Taking y^2 as a variable, the equation (1) becomes a quadratic equation in terms y^2 . Apply the root formula for a quadratic equation.

y^2 = \dfrac{-p\pm\sqrt{p^2-4r}}{2}
(2)

Then,

y^2 = \dfrac{-p+\sqrt{p^2-4r}}{2}
(3)

or

y^2 = \dfrac{-p-\sqrt{p^2-4r}}{2}
(4)

Solving the equation (3) gives two roots of the biquadratic equation.

y_1 = \sqrt{\dfrac{-p+\sqrt{p^2-4r}}{2}}
(5)
y_2 = -\sqrt{\dfrac{-p+\sqrt{p^2-4r}}{2}}
(6)

Solving the equation (4) gives another two roots of the biquadratic equation.

y_3 = \sqrt{\dfrac{-p-\sqrt{p^2-4r}}{2}}
(7)
y_4 = -\sqrt{\dfrac{-p-\sqrt{p^2-4r}}{2}}
(8)

If p^2>4r, the radicant under the first radical sign is real number. It could be negative, which results in complex root finally. But it will be not a problem.

If p^2< 4r, the root will be the square root of a complex number. Then it will involve the square root of a complex number.

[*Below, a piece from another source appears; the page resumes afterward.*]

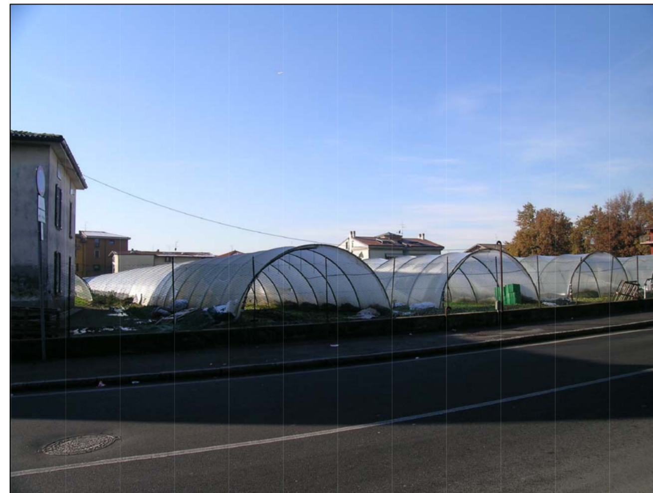
VISTA FOTOGRAFICA 4

y_1 = \sqrt{\dfrac{-p+i\sqrt{4r-p^2}}{2}}
(9)

Let y_1 = m+ni , that is

m+ni = \sqrt{\dfrac{-p+i\sqrt{4r-p^2}}{2}}
(10)

Square the both sides

m^2-n^2+2mni = - \dfrac{p}{2} +\dfrac{i\sqrt{4r-p^2}}{2}

Comparing the real and imaginary parts gives the following equations

m^2-n^2 = - \dfrac{p}{2}

2mn = \dfrac{\sqrt{4r-p^2}}{2}

This is equivalent to solving the system of equations.

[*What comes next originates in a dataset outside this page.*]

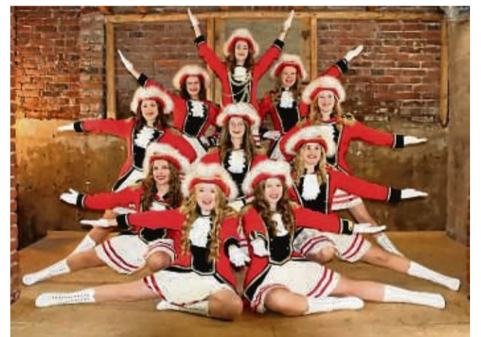
Die Funkgarde 2023 der Karnevalisten „Rot-Weiß“ Medebach.

dem Programm. Zur Weiberfastnacht besuchen die Karnevalisten morgens die Hansegrundschule und die beiden Medebacher Kindergärten, bevor abends die große Fastnachtsparty ab 20.11 Uhr in der Schützenhalle viel Vergnügen verspricht. In diesem Jahr steht erstmals die Partyband „Tante Käthe“ aus Köln auf der Bühne. Büttreden, Showtänze, Sketche und vieles mehr erwartet die Gäste der Großen Narrensitzung am 18. Februar. Die Karnevalisten von „Rot-Weiß“ mit ihren drei Garden laden an dem Samstag ab 19.31 Uhr ins Kolpinghaus Medebach ein. Eintrittskarten für diese Sitzung und die Party-Sitzung sind noch bei der Touristik GmbH am Marktplatz in Medebach erhältlich. Höhepunkt und Abschluss der Session ist dann der Rosenmontagszug am 20. Februar. Start ist um 14.11 Uhr am Kolpinghaus, nach dem Sturm auf das Rat-

\begin{cases} m^2-n^2 = u \\ 2mn = v \end{cases}
(11)

if u = - \dfrac{p}{2} an v = \dfrac{\sqrt{4r-p^2}}{2}

To solve for m and n, substitute (11) into the following identity

(m^2+n^2)^2 = (m^2-n^2)^2+4m^2n^2

Then,

m^2+n^2 = \sqrt{u^2+v^2}
(12)

Solve the system of equations

\begin{cases} m^2-n^2 = u \\ m^2+n^2 = \sqrt{u^2+v^2} \end{cases}

Then,

m^2 = \dfrac{ \sqrt{u^2+v^2} +u}{2}
(13)
n^2 = \dfrac{ \sqrt{u^2+v^2} -u}{2}
(14)

Substitute the value of u and v

u^2+v^2 = ( - \dfrac{p}{2})^2+(\dfrac{\sqrt{4r-p^2}}{2})^2=r

m^2 = \dfrac{\sqrt{r} - \dfrac{p}{2} }{2} =\dfrac{\sqrt{r}}{2}-\dfrac{p}{4}

m =\pm \sqrt{ \dfrac{\sqrt{r}}{2}-\dfrac{p}{4}}
(15)
n = \pm \sqrt{\dfrac{ \sqrt{r}}{2}+\dfrac{p}{4}}
(16)

y_1=m+ni = \pm( \sqrt{ \dfrac{\sqrt{r}}{2}-\dfrac{p}{4}}+i \sqrt{\dfrac{ \sqrt{r}}{2}+\dfrac{p}{4}})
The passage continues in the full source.